Effie Caldarola

Effie Caldarola

Although I’ve purchased plenty of groceries in a lifetime, last week was the first time I searched for halal meat.

My Ignatian faith-sharing group is once again sponsoring a refugee family, and part of our welcome to them — besides a furnished apartment, bus passes and friendship — is a well-stocked kitchen. The resettlement agency, Lutheran Family Services, gave us an extensive grocery list, and I was tasked with the shopping. Included on the list for this Muslim family was halal lamb, beef and chicken.

When I was a kid growing up in Nebraska, I’d guess you couldn’t have found halal meat in Omaha to save your life. Today, a Google search reveals plenty of places in this city that sell halal products, and several restaurants that prepare it. If you don’t think the country is rapidly changing, check your local listings.
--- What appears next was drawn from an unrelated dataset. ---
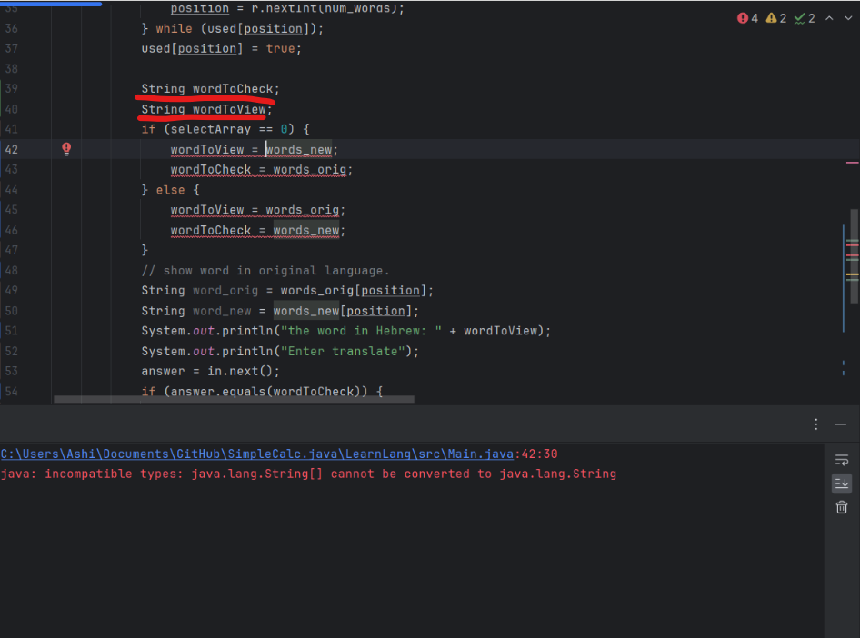 המצביעים האלה: wordToView ו wordToCheck. מצביעים כל פעם על מערך אחר (אנגלית או עברית) עפ"י הגרלה.

In case you don’t know, “halal” is an Arabic word that means “permissible.” The method of butchering is important — God’s name is invoked and very sharp knives make the process humane. The animal must be conscious, the throat slit. Pork and certain cuts like the hindquarters are not permissible. The animal must have been fed a natural diet without animal byproducts, and is bled dry, as Muslims do not eat blood.

If it sounds a lot like kosher meat, it is, and apparently some Muslims will purchase kosher in a pinch, a fact I found comforting.

I visited the only halal shop selling fresh meat — the others all sold frozen. However, entering the store, I encountered two large meat cabinets, completely empty. Fresh meat, I was told by the young man behind the counter, arrived on Thursday. I was shopping on Monday.

But he did have some frozen chicken, so I left with one scrawny chicken and little information on where to go next. Google led me to a shop just a few miles from my house. This time, I called first to check availability.

When I arrived at the tiny store, a woman in a traditional head covering was chatting animatedly to the proprietor in a language I didn’t recognize. When she left, I told him I was the person who had called needing halal meat for some friends.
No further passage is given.